1981: A fire at the Las Vegas Hilton hotel-casino killed eight people and injured 198.

1989: Ronald Harmon “Ron” Brown (1941-1996) was elected chairman of the Democratic National Committee, becoming the first African American to lead a major American political party.

1996: IBM supercomputer Deep Blue defeated Garry Kasparov (1963- ) in chess for the first time.

1998: Voters in Maine repealed a gay rights law passed in 1997 to become the first U.S. state to abandon such a law.



February 11

660 BC: Japan was founded by Emperor Jimmu.

1534: King Henry VIII of England became the supreme head of the Church of England.

1752: Pennsylvania Hospital, the first hospital in the United States, was opened by Benjamin Franklin.

1790: The Religious Society of Friends, also known as Quakers, petitioned the U.S. Congress to abolish slavery.

1794: The first session of the U.S. Senate opened to the public.

1808: Coal was first used as a fuel for heating homes, in Wilkes-Barre, Pennsylvania.

1812: Massachusetts Gov. Elbridge Gerry (1744-1814) “gerrymandered” for the first time.

1858: Bernadette Soubirous (1844-1879) saw her first of 18 visions of the Blessed Virgin Mary in a natural spring in Lourdes, France. (The last occurred on July 16, 1858.)

1938: BBC Television produced the world’s first science-fiction television program, an adaptation of a section of the Karel Čapek play R.U.R., that coined the term “robot.”

1939: A Lockheed P-38 Lightning flew from California to New York in seven hours two minutes, averaging about 428 mph.

1978: China lifted its ban on works by Aristotle, William Shakespeare and Charles Dickens.

1990: Nelson Mandela was released from Victor Verster Prison outside Cape Town, South Africa, after 27 years as a political prisoner.

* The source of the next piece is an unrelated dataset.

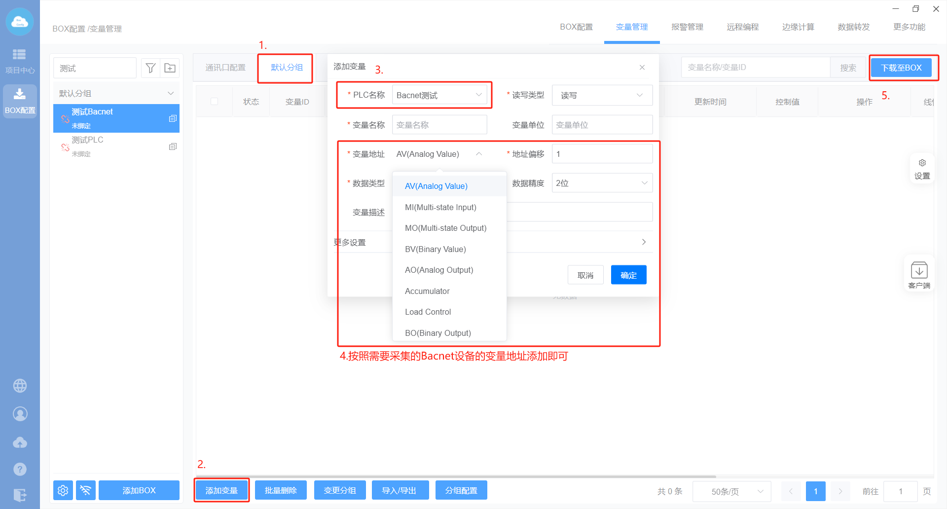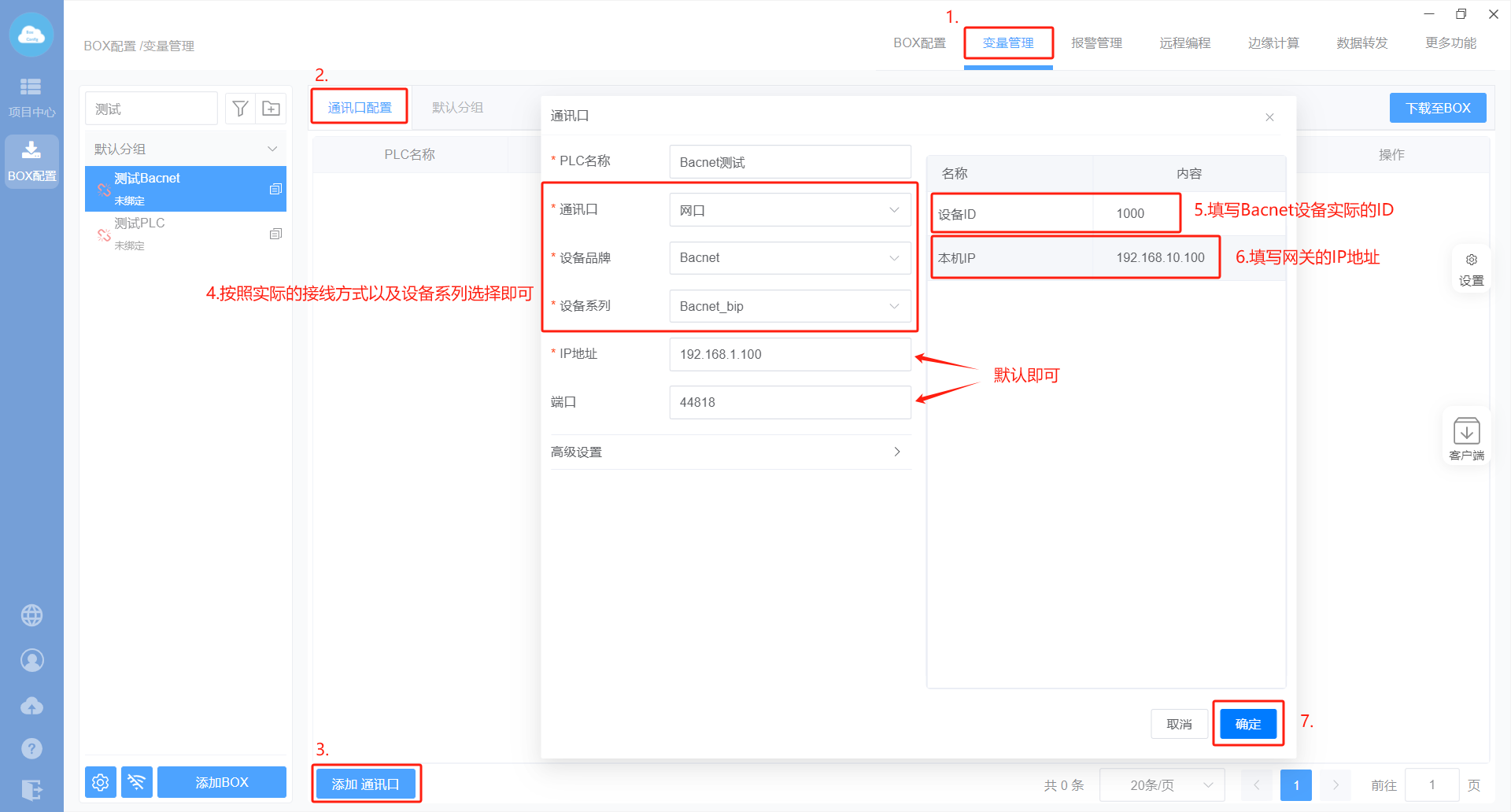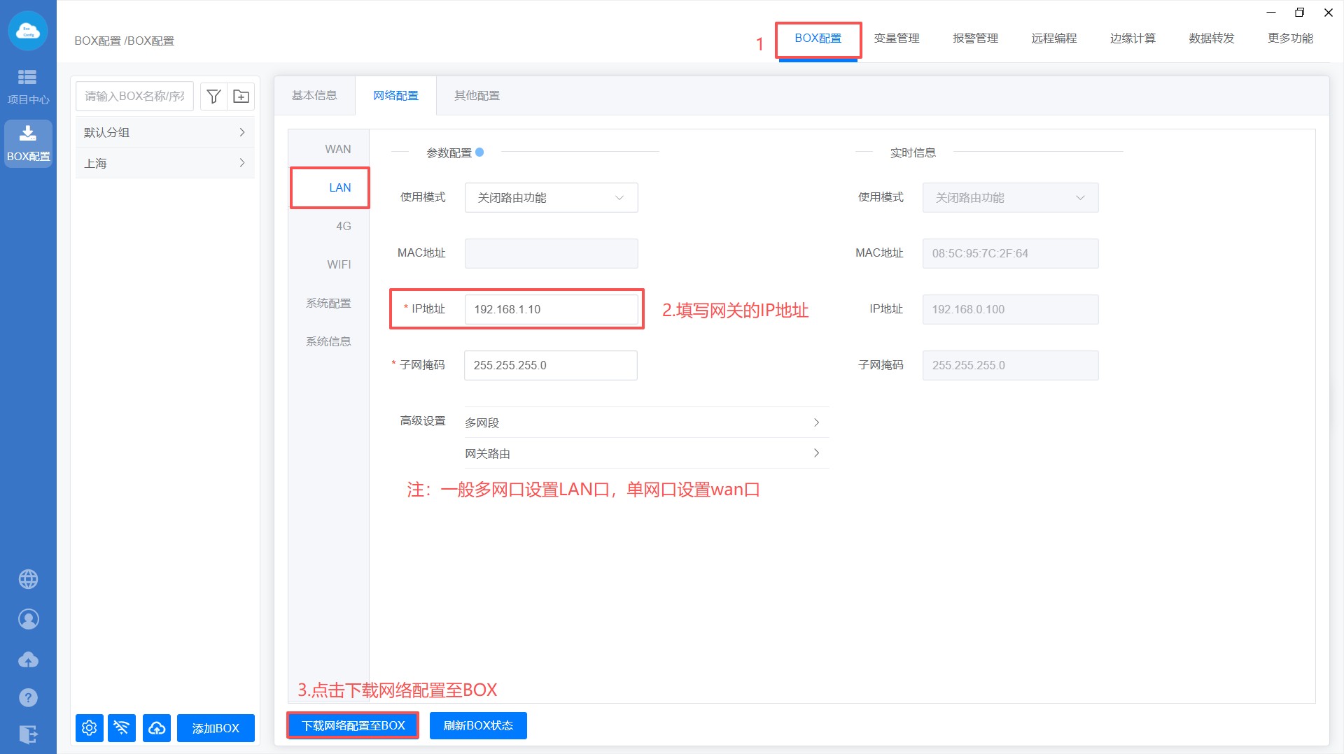 1、BOX配置(注意:网关的IP地址要和Bacnet设备IP地址保持在同一网段且不冲突)

In one of the largest upsets in sports history, Buster Douglas, a 40-1 underdog, knocked out Mike Tyson in 10 rounds in Tokyo to win the boxing world heavyweight title.

2001: A Dutch programmer launched the Anna Kournikova virus, infecting millions of emails via a trick photo of the tennis star.

2010: U.S. pennies with a new “union shield” design on the back were officially released at a ceremony at the Abraham Lincoln Presidential Library in Springfield, Ill.


February 12

1733: Englishman James Oglethorpe founded Georgia, the 13th of the original 13 colonies, and its first city at Savannah.

1914: The first stone of the Lincoln Memorial was put into place in Washington, D.C.

1924: George Gershwin’s Rhapsody in Blue premiered in Aeolian Hall, New York, with Gershwin playing piano accompanied by Paul Whiteman and his band.

1935: The USS Macon, one of the two largest helium-filled airships ever built, crashed into the Pacific Ocean off the coast of California and sank, killing two of 76 crew members.

1947: A shower of meteorites created several impact craters in Sikhote-Alin in the Soviet Union. The largest crater was 85 feet across.

1954: British food company J. Lyons & Co. used the LEO computer to produce a payroll report, becoming the first time in history that a computer was used in business.

1959: The newly redesigned U.S. penny with the Lincoln Memorial on the reverse side was officially released on the 150th anniversary of Lincoln’s birth.

Bill Clinton was acquitted by the U.S. Senate in his impeachment trial.

2000: Charles M. Schulz, creator of the “Peanuts” comic strip, died in Santa Rosa, Calif., age 77.

2001: The Near Earth Asteroid Rendezvous-Shoemaker spacecraft touched down in the “saddle” region of 433 Eros, becoming the first spacecraft to land on an asteroid.

2009: The U.S. Mint issued the first of four new Lincoln pennies. This one has a log cabin on the back to depict his birth and early childhood. It was issued on the 200th anniversary of the 16th president’s birth at a special ceremony at LaRue County High School in Hodgenville, Ky., Lincoln’s birthplace.